Image by Nathan Hutchcraft/Adobe Stock

Originally published in July 2023 print edition.

Cattlemans corner Austin SneddenAustin Snedden, Ranching Contributor, Valley Ag Voice

Purebred cattle are often perceived as “royalty” compared to their commercial counterparts, who are seen as “peasants.” I think the analogy is fitting—purebred cattle have a proud lineage, get more notoriety, and often live a more pampered life, while their commercial counterparts toil as peasants on the hillsides, often unnoticed.  This perception becomes problematic when carried out in the production of genetics that will enter the commercial industry.  Royals aren’t famous because of their ability or accomplishments; they are famous only because they were born to the right family.  Rather than looking at pampered cattle as inherently better than the commercial peasant cow, seed stock producers should view their operations as a challenging ground to see if cattle are worthy of being used in the commercial industry.   Seed stock operations should be less like Buckingham Palace and more like biological boot camp.

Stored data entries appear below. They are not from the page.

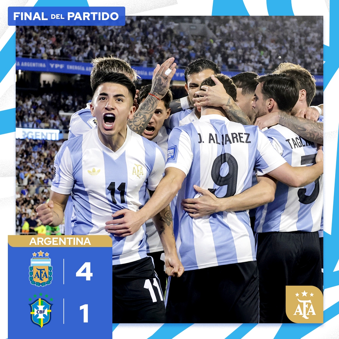 03月26日讯 南美世预赛第14轮,阿根廷4-1击败巴西。为阿根廷破门的4人分别是阿尔瓦雷斯、恩佐、麦卡利斯特和朱利亚诺-西蒙尼。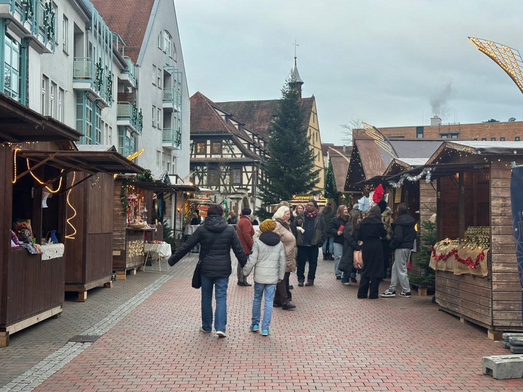 It was still early when we left Pforzheim, so we decided to check out another local market in a nearby town called Mühlacker. It’s just a small, weekend community market, so we expected it to be tiny, but we found the cutest little stalls, mostly run by school clubs selling Christmas gifts. We also found some super cute mugs!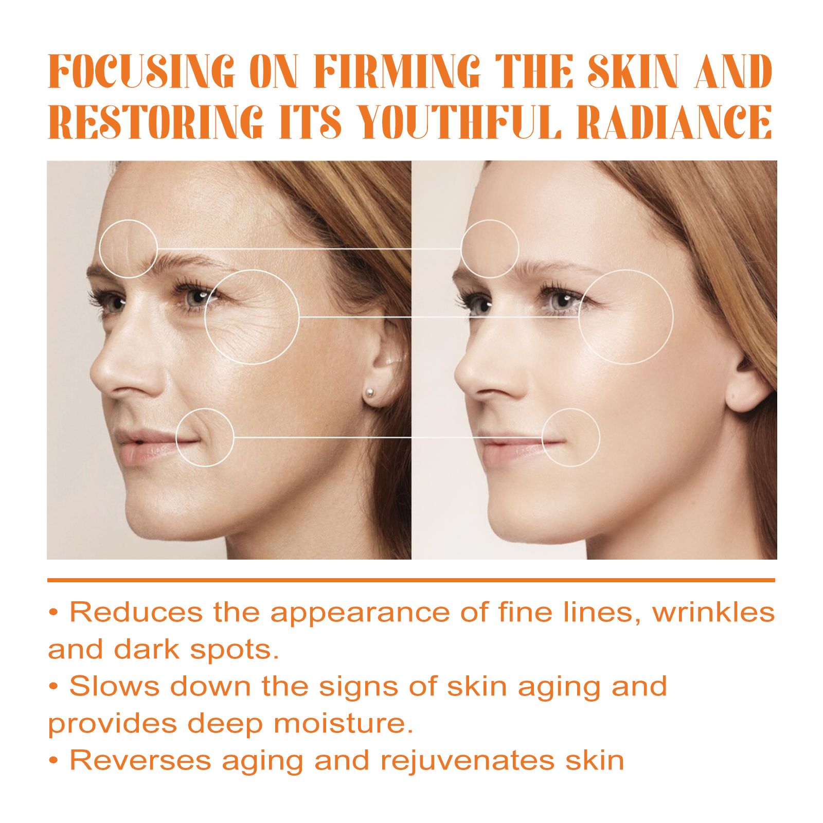Our Anti-Aging Whitening Vitamin C serum contains niacinamide, vitamin C, and hyaluronic acid. It can help lift the face with aging skin, reduce wrinkles, tighten loose skin and make the smile younger. Reduce collagen production and relax skin; The cream penetrates the dermis and regenerates collagen. Its use method is very simple: after cleansing and toning, take 1-2 pumps of essence in the palm, evenly apply on the face and neck skin, gently massage with the hand to absorb. Use daily for better results. Reduces wrinkles and fine lines, strengthens skin firmness and hydration, and increases shine and brightness.
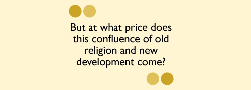 But at what price does this confluence of old religion and new development come? Can we really condemn monks who choose a rather different path than the Buddha’s, especially when they’re surrounded by the physical symptoms of modernity unchecked? What can be expected of these young men, who are understandably struggling to maintain their religious virtuosity in a country that is developing at an almost exponential rate?
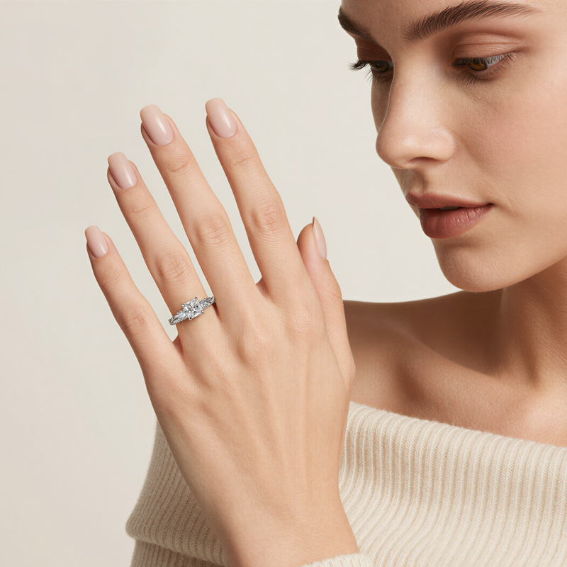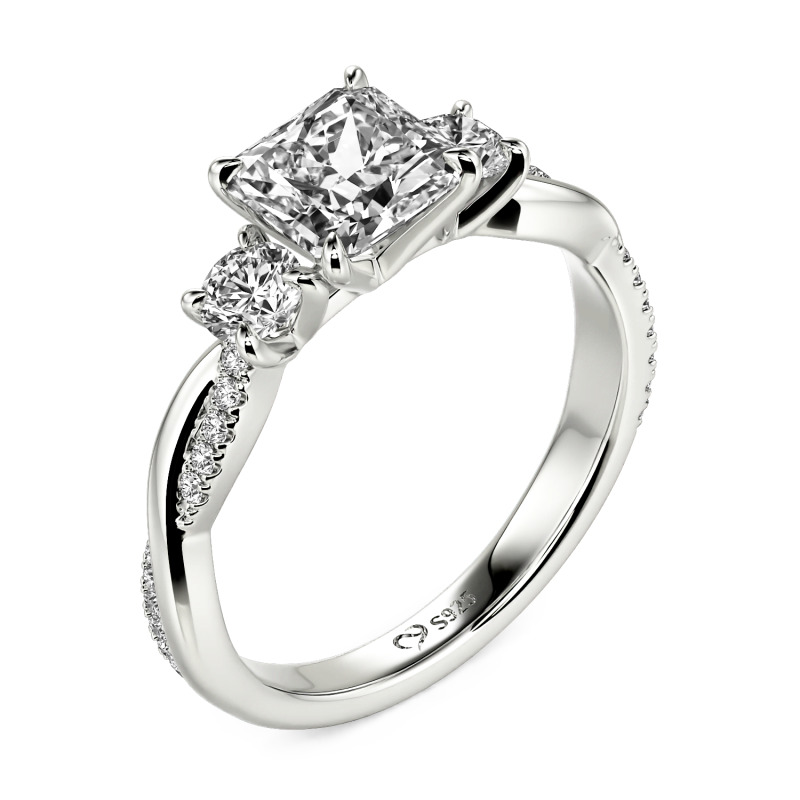 Celebrate the past, present, and future of your love with the Jeulia Custom Three Stone Princess Cut Engagement Ring. At its center lies a breathtaking princess-cut stone, flanked by two brilliant round-cut accents that symbolize your unique journey together. The sterling silver band features a graceful, tapering silhouette, meticulously pavé-set with shimmering stones that add a continuous, sophisticated sparkle. Expertly crafted for a luxurious feel and comfortable daily wear, this three stone engagement ring combines a bold, modern center with timeless, romantic details. Whether marking a significant proposal or a cherished anniversary, this luxury ring serves as a stunning and enduring tribute to a love that grows more brilliant with every passing moment.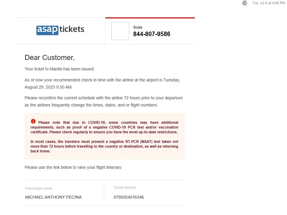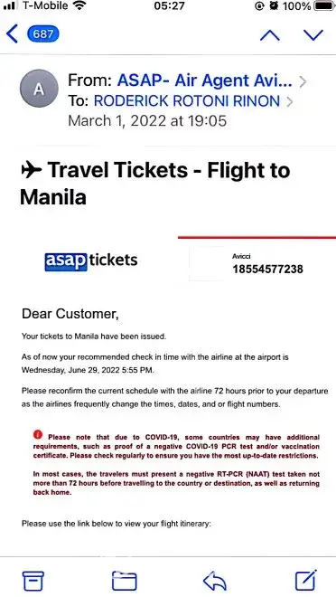 When I started my search through ASAP Tickets, I was very specific about my requirements. I had clearly mentioned the date/time (18th June morning) and luggage (2 baggage per passenger for check in) which is important for me. I contacted Mr. Arnav (arnav. [protected]@asaptickets.com) on 21st Feb 2022 and he has confirmed that both requirements are meeting the criteria with airlines he suggested. I made the booking on 22nd Feb through Arnav. I had also paid extra protection (ITN Travel Care Services) $479.80 for this so that I would be covered with all the requirements that I was looking for.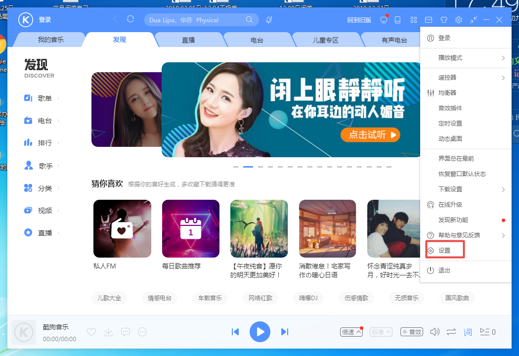 第四步,进入到酷狗音乐的选项设置界面后,我们在【常规设置】当中,找到【其他设置】一栏下方的【关闭“今日推荐”】功能,并勾选此功能就可以了,此时酷狗音乐烦人的广告也就不见了。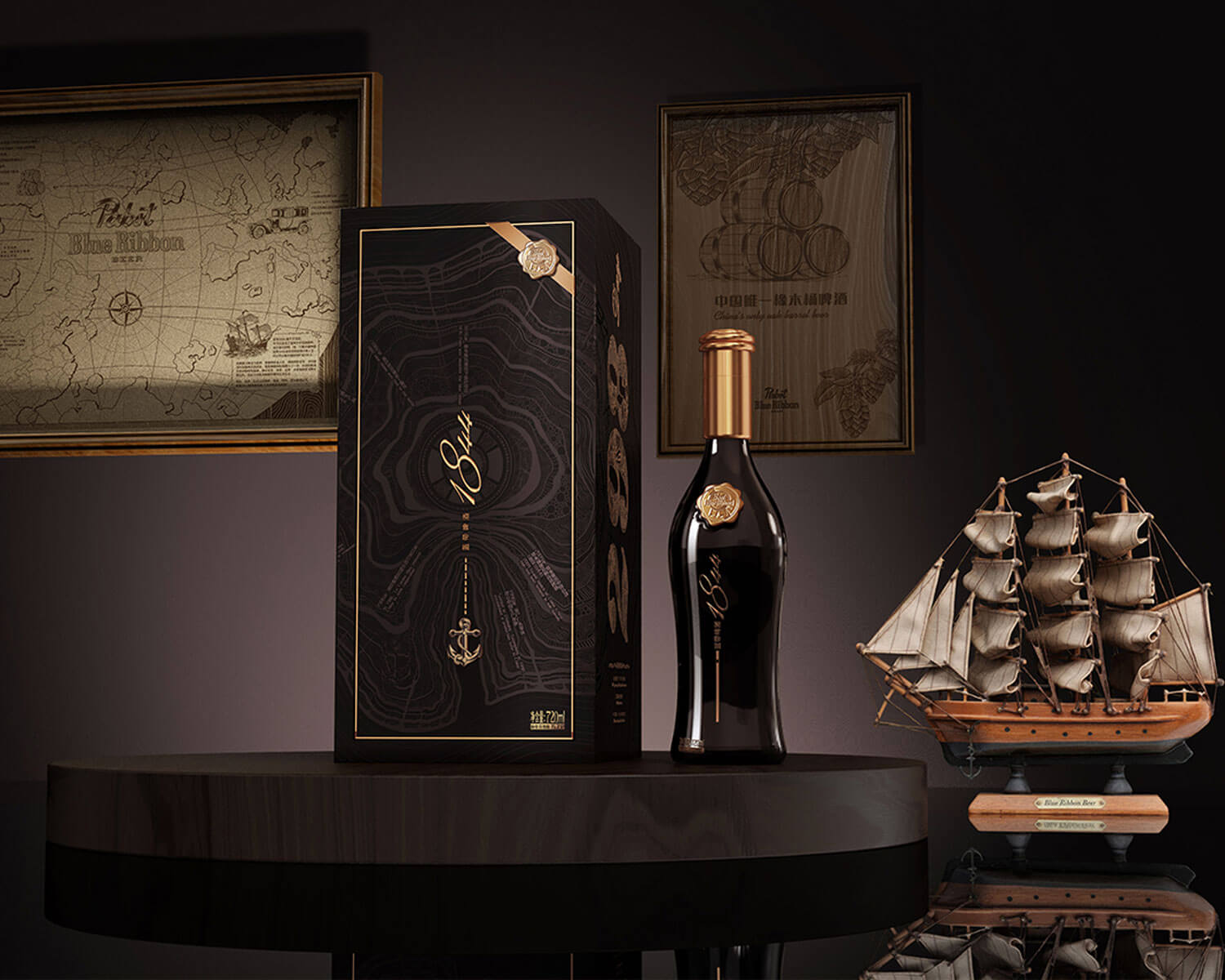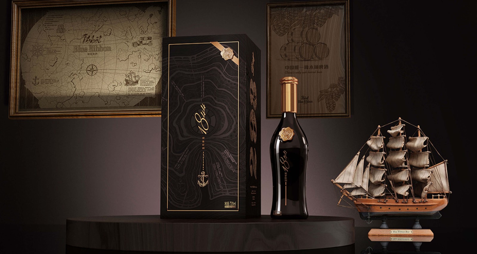 柏星龍?jiān)O(shè)計(jì)師巧妙地將產(chǎn)品禮盒紋飾與火漆logo融為一體,禮盒上的船錨沿虛線向下,伴隨底紋年輪向外延伸,寓意藍(lán)帶品牌歷經(jīng)時(shí)光洗禮愈發(fā)輝煌。更將這份品質(zhì)與榮譽(yù)賦予瓶身,藍(lán)絲帶在素雅禮盒上煥發(fā)獨(dú)特亮色,猶如瓶身的紳士領(lǐng)結(jié),盡顯品牌高端品質(zhì)的藝術(shù)魅力。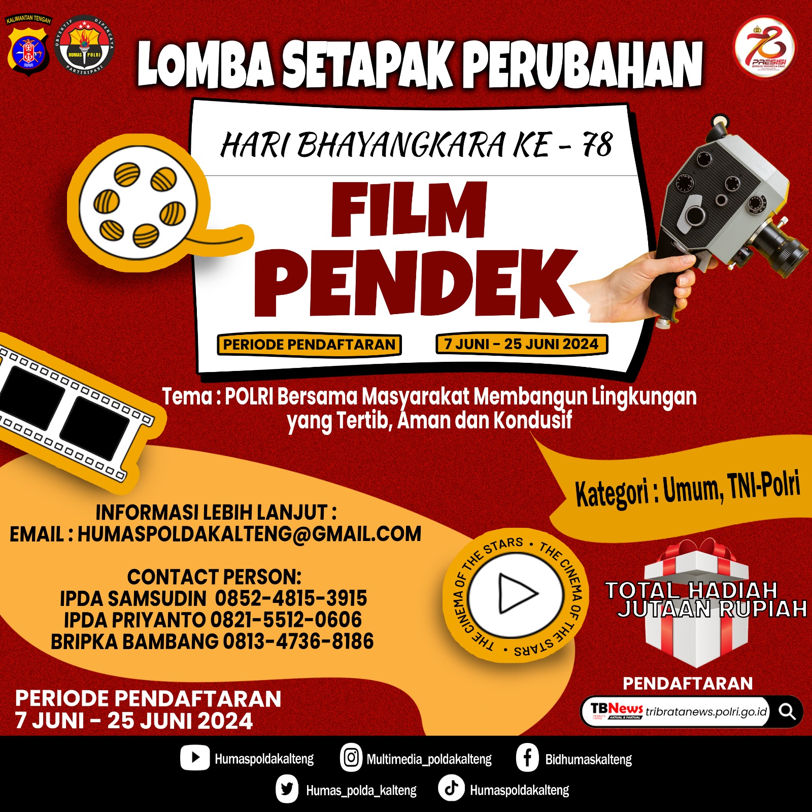 Ayo Masyarakat Kalteng, Ikuti dan Meriahkan Lomba Hari Bhayangkara ke-78 Bertajuk Setapak Perubahan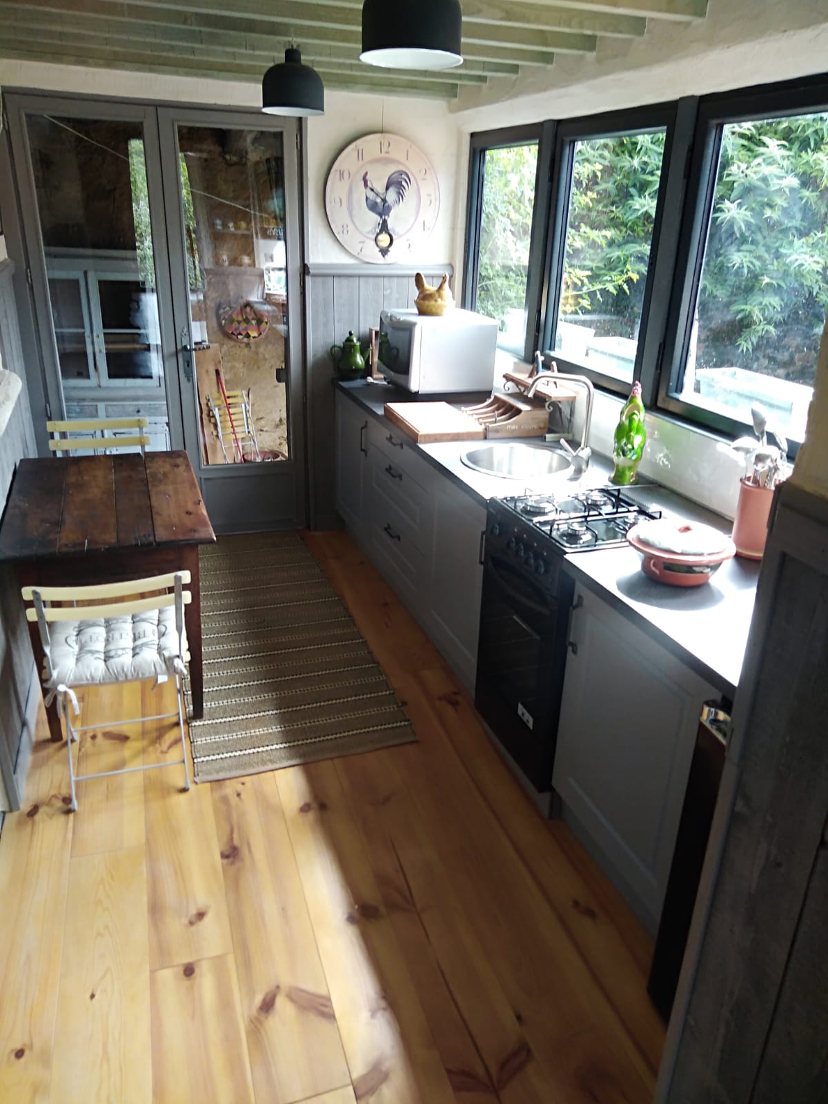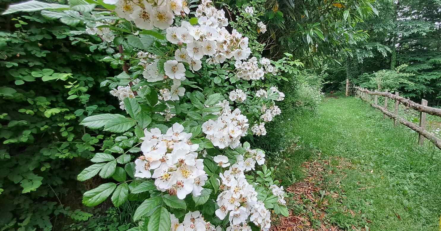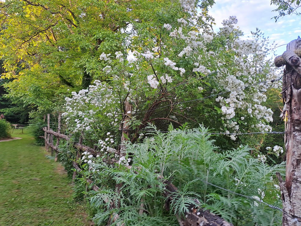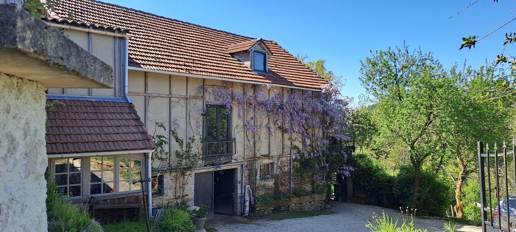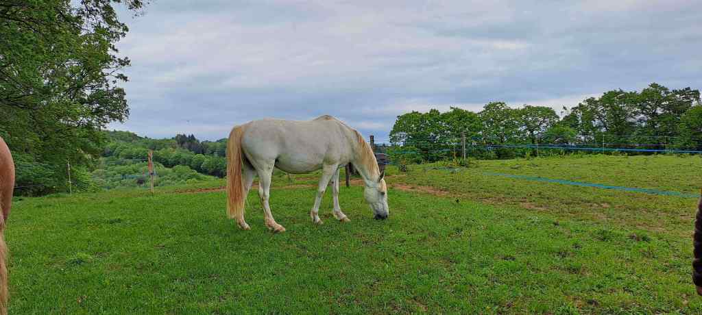 We have 5 hectares/12.5 acres of land. Approximately 2.5 hectares/6.25 acres are meadow, 2.5 hectares/6.25 acres are forested (chestnuts, oak, beech and birch primarily), while the mature garden measures around 2500 m2. Harvesting our firewood from the forest means winter heating costs are negligible; chestnuts, walnuts and wild mushrooms abound and provide delicious abundance throughout the year. We have two horses, a dog and cat and a family of chickens. This verdant part of the Lot is home to a vast and varied bird population as well as many wild creatures.

Seed stock producers should challenge their genetics at least as hard as their commercial customers.  I recently heard a prominent seed stock producer talking about his protocol for herd health, parasites, nutrition, and calving. This operation vaccinated their cow herd three times per year, deworming and doing parasite treatment three times yearly along with fly tags.  This operation supplemented their cows with minerals over a dollar a pound, protein, and an additional supplement to help with reproduction.   This operation checked their heifers at calving three times per day and brought them to a barn to calve. While none of these are bad on their own, together they create an unsustainable situation.  Many seed stock operations work under the assumption that every calf may be worth somewhere near $4,000.  With a value forecast so far above that of the commercial world, the purebred producer can afford the labor and cost of treatments and supplementation to sustain cows that would fall out in the real world.  While there is inherently nothing wrong with pampering cattle, there is something wrong with not challenging cattle and then dumping those untested genetics on the commercial industry, which relies to some extent on resilience in cattle.

The purebred industry should constantly ask themselves, am I doing things to keep cows in production that my commercial customers can’t afford? Am I cheating my customers by over-treating my cattle for parasites and not allowing the ones with natural resistance to show themselves? Am I supplementing minerals and feed that commercial producers can’t afford and sustaining genetics that are sub-quality foragers? The seed stock industry should not spend additional time, labor, or money to sustain the stragglers.  We have a duty as stockmen to treat animals that need care. Still, from a seed stock perspective, if we must throw more resources towards them because of a biological insufficiency, we should move that animal to commercial production.

Purebred operations done right will already have additional investment in time per animal because weighing, measuring, observing, and maintaining pedigrees is critical to identifying not only the top but also the bottom of the genetic spectrum.  The maintenance side is the part where seed stock operations must remain disciplined.  If hooves need to get trimmed, if a teat must be milked out so a calf can nurse, if a mature cow needs assistance calving, if an animal needs additional supplementation above its commercial contemporaries, by all means, treat them, but make sure that treatment signals you to move them immediately out of producing genetics that will be dumped on the commercial world.  Purebred breeders need to have a breeding philosophy that will make genetics that work in the world of $1,000 calves, one full-time man or woman to 400 cows, country and facilities where the cow herd may only be treated once per year, and then build your breeding program to select the ones that will make it on this budget, with this labor, and this environment.  Seed stock producers need to challenge their cattle, the commercial producers deserve it. We need to propagate the ones that excel living like a peasant and not propagate the ones that only exist because of a pampered life of a royal.